7.3. Future Research Directions

This study establishes a foundation for several critical research directions. The development of standardized robustness benchmarks beyond conventional accuracy metrics emerges as an immediate priority for the computer vision community. Future investigations should examine combined transformation effects and explore layer-wise invariance analysis to reveal mechanistic insights into architectural differences.

The documented scale invariance paradox and rotation sensitivity across all architectures indicate fundamental theoretical gaps that require novel architectural innovations rather than incremental improvements.

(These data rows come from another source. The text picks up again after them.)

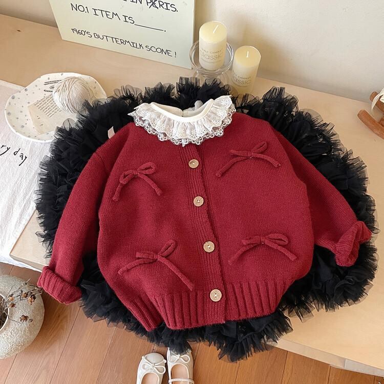 子供服 ニットカーディガン 女の子 秋冬 森ガール レトロ調 蝶結び かわいい 韓国風 セーター 長袖 カーディガン 赤 黒 チュールスカート セット 普段着
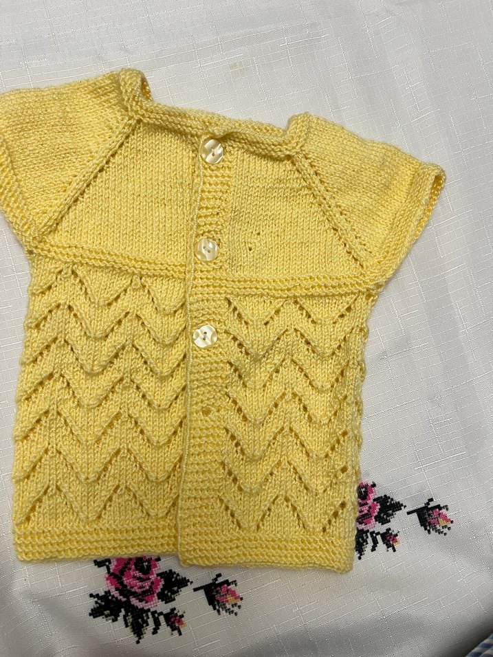 Vintage tarzı, sarı renkli, kısa kollu örgü kız çocuk hırkası. Düğmeli ve vücuda oturan kesimi ile dikkat çeker.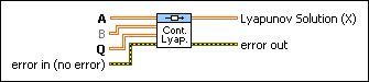 Lyapunov Solution (X) returns the solution to the Lyapunov equation. |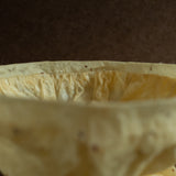 “Gathering” is a series of vessels that explores the form and materiality of hand-made washi paper. Drawing on an endangered historical tradition of making clothing from washi, called kamiko, DNJ PAPER have merged garment-making techniques with the surprising material properties of washi. Stitched paper ichirin-zashi (single flower vase), constructed from a combination of hand and machine-made Japanese paper. The paper was produced by Kikuchi Seishi in Ehime Prefecture, and Awagami Factory in Tokushima Prefecture. The visible dark flecks are the outer bark of the K?zo plant, also known as paper mulberry. This vessel has been treated with organic beeswax, and is water-tight. Please avoid placing it near heat sources.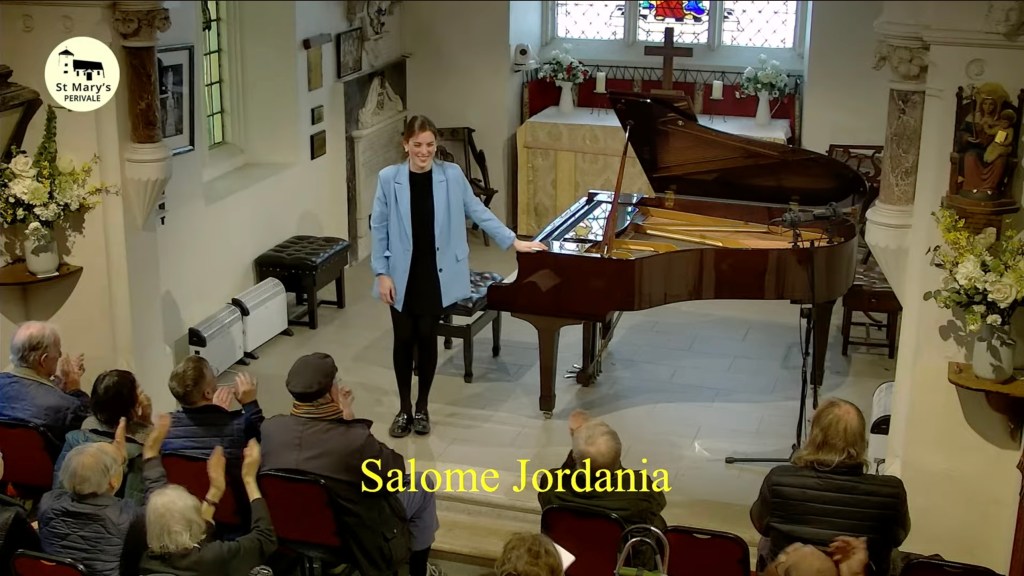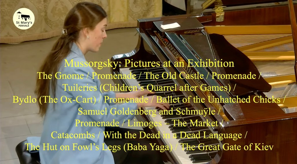 Pictures is so often given performances forgetting that it was written for the piano in mind, where a sense of balance and range of sounds is fundamental in disguising the fact that the piano is a percussion instrument. In the right hands and with a sensitive sense of balance and touch it can be made to sing and talk as expressively as the human voice. It was this that came across in Salome’s beautiful performance, where her musicianship and innate musicality allowed her to find colours and sounds of unusual expressiveness. Never resorting to brute force but searching for colour. Nowhere was this more evident than in Baba Yaga ,the penultimate picture, that was played with dynamic drive but with quite restrained volume which allowed for more contrasting sounds and where volume was substituted for intensity and sense of line. She had started her visit to the Victor Hartman Exhibition that had inspired Mussorgsky to write in only three weeks, this work dedicated to his friend who had prematurely died, with a promenade of simplicity but imbued with nobility. Leading into the diabolical antics of the ‘Gnome’ that she immediately played with rhythmic bite and great character, alternated with languid yearning ,and ending with a ‘Gnome’ that became almost too hot to handle as it exploded into a flash of brilliantly played notes. A lazy stroll to the next picture of the ‘Old Castle’ played in a nostalgic atmosphere with a beautiful duet between the hands as it disappeared into the mist. A rumbustious promenade moving on now to the next picture of children squabbling in the ‘Tuileries’, played with great spirit and lightweight vitality. The lumbering ‘Bydlo’ appeared on the scene with great resonance, beautifully contrasted with the central episode before it lumbered its way into the distance, it was here that Salome’s control of sound produced some quite masterly effects. An etherial walk to the glowing brilliance of the ‘Chicks’ with playing of rhythmic vitality, the clucking trills thrown off with fearless brilliance but also beautifully shaped.. ‘Goldberg’ entered with his austere authority played with great clarity as was the simple reply of Schmyle. ‘Goldberg’ now in the bass with a beautifully shaped melodic line before the subdued interruption of the simple Promenade. Salome brought a scintillating brilliance to ‘Limoges Market’. with playing of masterly brilliance where she brought an unusual clarity to the driving climax that was so rudely interrupted by the noble vision of the ‘Catacombs’. These were played without any exaggeration but with simple resonance and beautifully conceived reverence. ‘Baba Yaga’ burst onto the scene without the usual brutal force but with a musical intensity that was even more compelling. It was the same with the vision of the ‘Great Gate of Kiev’, where Salome’s sense of balance and palette of sounds combined with her great musicality to astonish and amaze us with the colours and glowing brilliance with which Mussorgsky could describe such a noble edifice. A remarkable performance not for its brute force but for her masterly playing of control and musicianship that could bring such character and style to a well worn showpiece so often brutalised in lesser hands.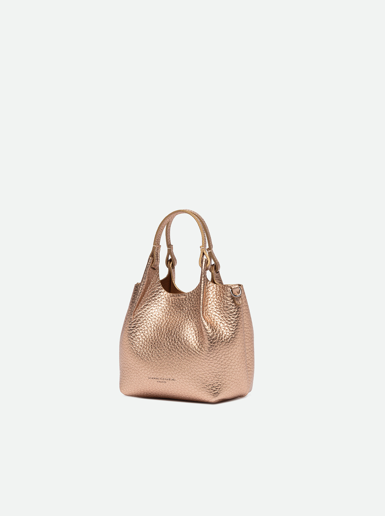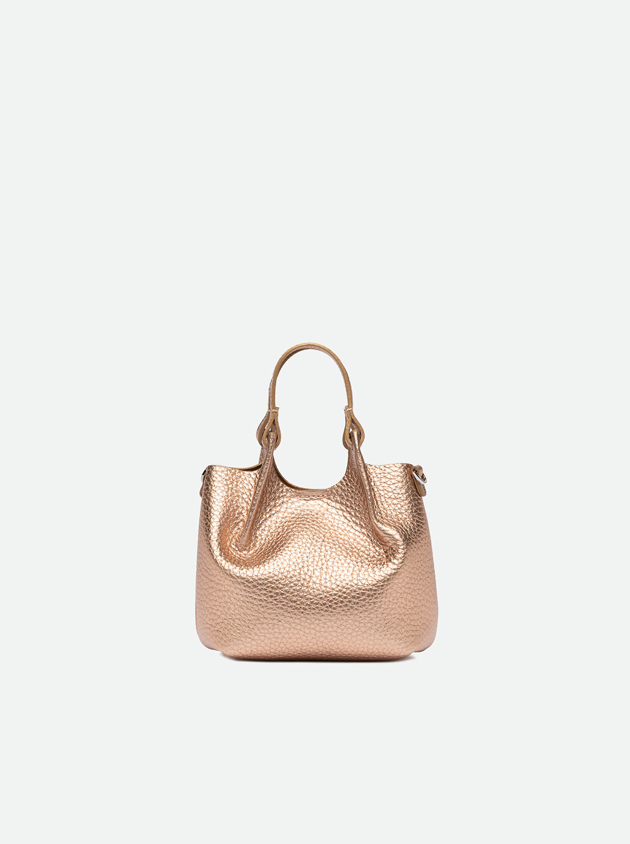 L'icona del brand, la borsa DUA, è realizzata in pelle bubble double, caratterizzata da una texture unica. Dotata di un monoscomparto sfoderato, presenta profili superiori in pelle martellata e doppi manici in tono. Pratica ed essenziale, è perfetta per completare ogni look con stile. Può essere portata a mano o a spalla. Dimensioni: 19x20x8 cm.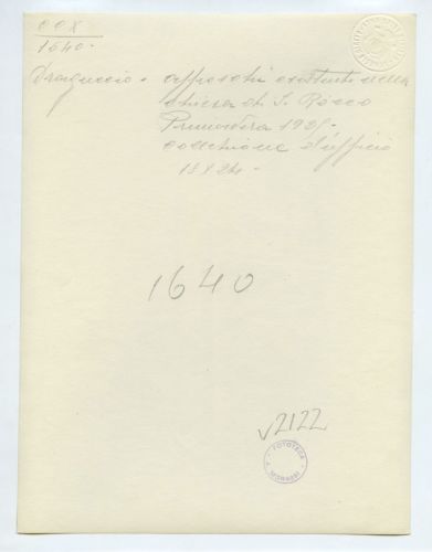 - ISCRIZIONI sul supporto primario: verso: a destra - Draguccio. Affreschi esistenti nella/ chiesa di S. Rocco/ Primavera 1925./ Collezione d'ufficio 18x24 - a matita -

The task-specific invariance patterns observed suggest potential for developing hybrid architectures that leverage the strengths of different model families for enhanced robustness across transformation types.

The empirical evidence presented in this study contributes to the growing body of literature documenting the limitations of current deep learning approaches while providing quantitative benchmarks for evaluating future invariance-aware architectures. Our findings emphasize that achieving robust vision systems requires explicit consideration of invariance properties during both architectural design and model selection phases, moving beyond the assumption that deeper or larger models inherently provide superior robustness capabilities.